Santos share price steadies after new ASX filing; what investors watch next

February 25, 2026
Santos share price steadies after new ASX filing; what investors watch next

Sydney, Feb 25, 2026, 18:10 AEDT — Market closed.

  • Santos closed up 0.15% at A$6.82; Brent rose about 0.7%.
  • A new filing showed 9,911 unquoted share rights lapsed between Jan 10 and Feb 4.
  • Focus turns to project start-ups and the dividend after last week’s full-year result.

Santos Ltd (STO.AX) shares ended Wednesday up 0.15% at A$6.82, tracking firmer crude prices and a fresh securities filing from the Australian oil and gas producer. Brent crude was up about 0.7% on the day. (Trading Economics)

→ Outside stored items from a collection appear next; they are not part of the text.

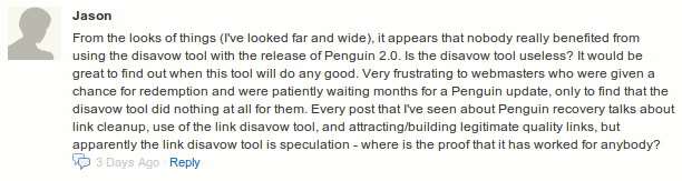 In a comment to a recent Search Engine Watch article a reader asks – where is the proof that the link disavow tool has worked for anybody?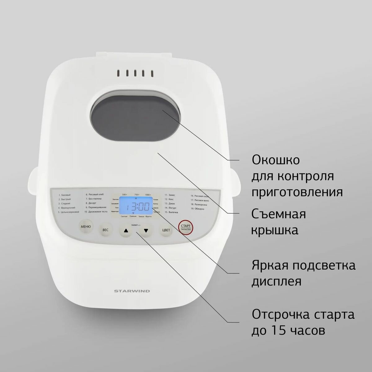 | Особенности | выбор цвета корочки / поддержание температуры / регулировка веса выпечки / таймер |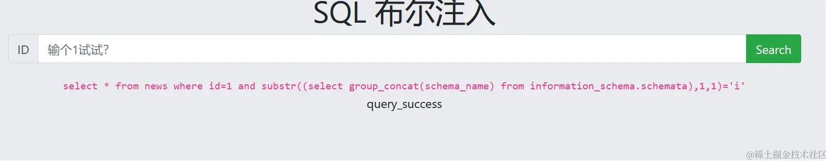 布尔盲注不适合这种情况,这个都会回显,并不区分查询成不成功,只要不是有报错就不会出现查询失败。(自认为,当然欢迎大佬指正)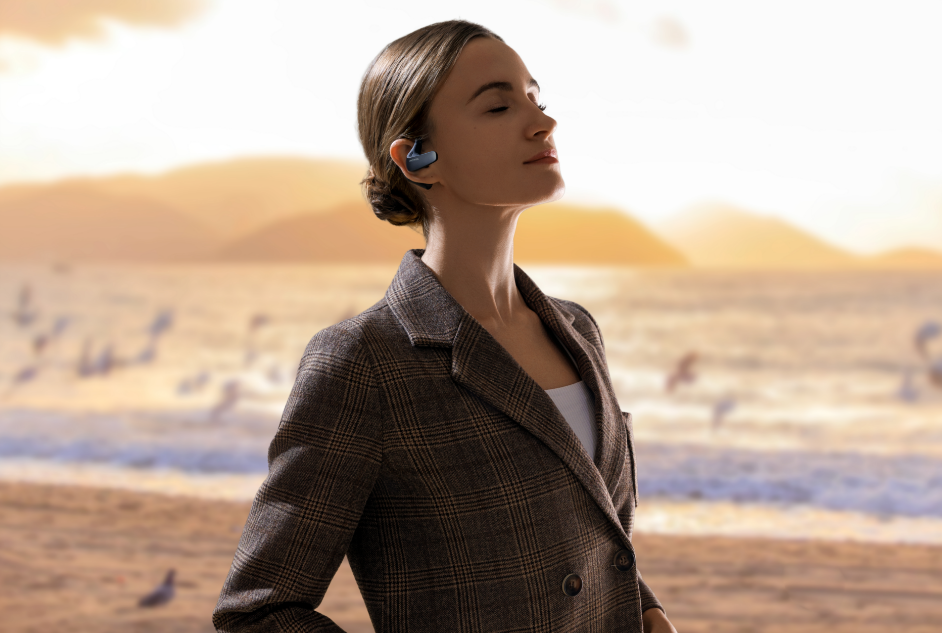 翻译的起点是收音。讯飞AI翻译耳机采用开放式挂耳结构,通过SGS舒适度认证,基于全球海量耳型数据设计,长时间佩戴不胀痛。单耳三麦克风阵列配合AI降噪算法,在嘈杂环境中分离人声与背景杂音,5-8米远场拾音能力保障旁听场景的收音距离。

The filing is small in market terms, but it feeds into a broader question hanging over the stock: how cleanly Santos can convert its project pipeline into cash flow in 2026, and keep distributions steady when oil prices swing.

That matters now because reporting season has largely set expectations. What tends to move the stock from here is execution — on costs, schedules and volumes — and any signal that management’s incentives are drifting out of line with outcomes.

In an Appendix 3H notice dated Feb. 25, Santos disclosed the cessation of 9,911 “share acquisition rights” — unlisted equity awards — after conditions were not met. The filing said the rights lapsed between Jan. 10 and Feb. 4, and that Santos paid no consideration for the cessation. (Company Announcements)

Santos is still coming off its Feb. 18 full-year release, where it reported free cash flow from operations of $1.8 billion and declared a final dividend of 10.3 U.S. cents per share. Chief executive Kevin Gallagher said Santos was targeting an “all-in break even oil price of $45-50/bbl to 2030”, and the company said Alaska’s Pikka phase 1 remained on track for first oil late in the first quarter of 2026.

A key risk is that the easy part is now done. If crude retreats, or if commissioning at Pikka slips, investors may start stress-testing the dividend and the pace of debt reduction, especially if costs creep higher than planned.

Next up, traders will look for operational updates tied to Pikka’s start-up window in late Q1 2026, and any change to guidance that would reset cash-flow expectations for the year.